System Design & Scalability: Patterns That Actually Work
Scalability is not about handling millions of requests on day one. It is about designing systems that can grow without requiring a rewrite. The best architectures make scaling a configuration change, not an engineering project.
Scaling Pattern Taxonomy
Scalability Patterns
├── Compute Scaling
│ ├── Horizontal (add instances)
│ ├── Vertical (bigger instances)
│ └── Serverless (per-request)
├── Data Scaling
│ ├── Read replicas
│ ├── Sharding (horizontal partitioning)
│ ├── Partitioning (vertical / functional)
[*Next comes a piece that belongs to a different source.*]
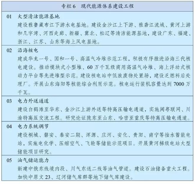 沿海核电:“十四五”规划图技术路线上提及的华龙一号、国和一号、高温气冷堆示范工程,都是中国拥有自主知识产权的核电型号。积极有序推进沿海三代核电建设。推动模块式小型堆、60万千瓦级商用高温气冷堆、海上浮动式核动力平台等先进堆型示范。建设核电站中低放废物处置场,建设乏燃料后处理厂。开展山东海阳等核能综合利用示范。核电运行装机容量达到7000万千瓦。
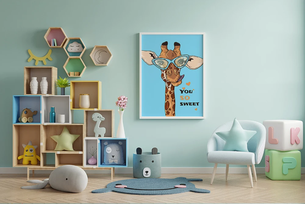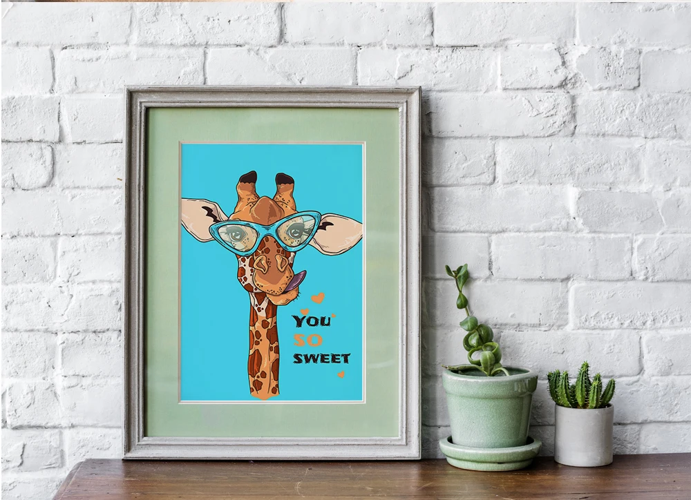 Нарисованные вручную милые животные иллюстрации настенные художественные фотографии и эскизы портрет Забавный Жираф пользовательские очки для детской комнаты декор

│ └── Polyglot persistence
├── Network / Traffic
│ ├── Load balancing (L4 / L7)
│ ├── CDN / Edge caching
│ ├── API gateway throttling
│ └── Geographic routing
└── Application-Level
├── Caching (multi-layer)
├── Async processing (queues)
├── CQRS (read/write separation)
├── Circuit breakers
└── Backpressure
Horizontal vs Vertical Scaling
| Dimension | Horizontal (Scale Out) | Vertical (Scale Up) |
|---|---|---|
| Mechanism | Add more instances | Increase instance resources |
| Upper limit | Practically unlimited | Hardware ceiling |
| Cost curve | Linear (pay per node) | Exponential (premium hardware) |
| Complexity | Higher (distributed state) | Lower (single machine) |
| Downtime | Zero (rolling updates) | Often required (resize) |
| Data consistency | Requires coordination | Simpler (single instance) |
| Failure blast radius | One node | Entire system |
| When to use | Stateless services, web tier | Databases, in-memory workloads |
Multi-Layer Caching Architecture
┌─────────┐
│ Client │
└────┬─────┘
│
┌────▼──────────┐ Cache hit? → Return immediately
│ CDN / Edge │ TTL: minutes to hours
│ (CloudFront) │ Best for: static assets, public API responses
└────┬──────────┘
│
┌────▼──────────┐ Cache hit? → Return immediately
│ API Gateway │ TTL: seconds to minutes
│ Cache │ Best for: authenticated but cacheable responses
└────┬──────────┘
│
┌────▼──────────┐ Cache hit? → Return immediately
│ Application │ TTL: seconds to minutes
│ Cache (Redis)│ Best for: session data, computed results, rate limits
└────┬──────────┘
│
┌────▼──────────┐ Cache hit? → Return immediately
│ Database │ TTL: managed by DB engine
│ Query Cache │ Best for: repeated complex queries
└────┬──────────┘
│
┌────▼──────────┐
│ Database │ Source of truth
│ (Primary) │
└───────────────┘
Load Balancing Strategy Comparison
| Strategy | Algorithm | Best For | Trade-off |
|---|---|---|---|
| Round Robin | Sequential distribution | Homogeneous instances | Ignores load differences |
| Least Connections | Route to least busy | Varying request durations | Slightly more overhead |
| Weighted | Proportional to capacity | Mixed instance sizes | Requires manual config |
| IP Hash | Consistent per client | Sticky sessions needed | Uneven distribution risk |
| Least Response Time | Route to fastest | Latency-sensitive apps | Requires health monitoring |
| Random | Random selection | Large homogeneous pools | Simple, surprisingly effective |
Capacity Planning Checklist
| Phase | Action | Tool / Method |
|---|---|---|
| Measure | Baseline current throughput (RPS, P99 latency) | Load testing (k6, Locust) |
| Model | Define growth projections (3mo, 6mo, 12mo) | Business metrics + historical data |
| Identify | Find the bottleneck (CPU, memory, I/O, network) | Profiling, APM (Datadog, Grafana) |
| Test | Load test at 2x projected peak | Staged load tests in staging |
| Plan | Define scaling triggers and thresholds | HPA metrics, CloudWatch alarms |
| Budget | Estimate cost at projected scale | Cloud pricing calculators, FinOps |
| Review | Monthly capacity review against actuals | Dashboard + alert review |
Key Principles
Design for 10x, build for 3x. Architecture should handle 10x current load conceptually. Implement infrastructure for 3x. This avoids over-engineering while keeping a growth path clear.
Statelessness is the foundation. Every scaling pattern becomes easier when services are stateless. Move session state to Redis, file uploads to object storage, and persistent data to managed databases.
Cache invalidation is the hard part. Adding a cache is easy. Knowing when to invalidate it is the real engineering challenge. Prefer short TTLs over complex invalidation logic when starting out.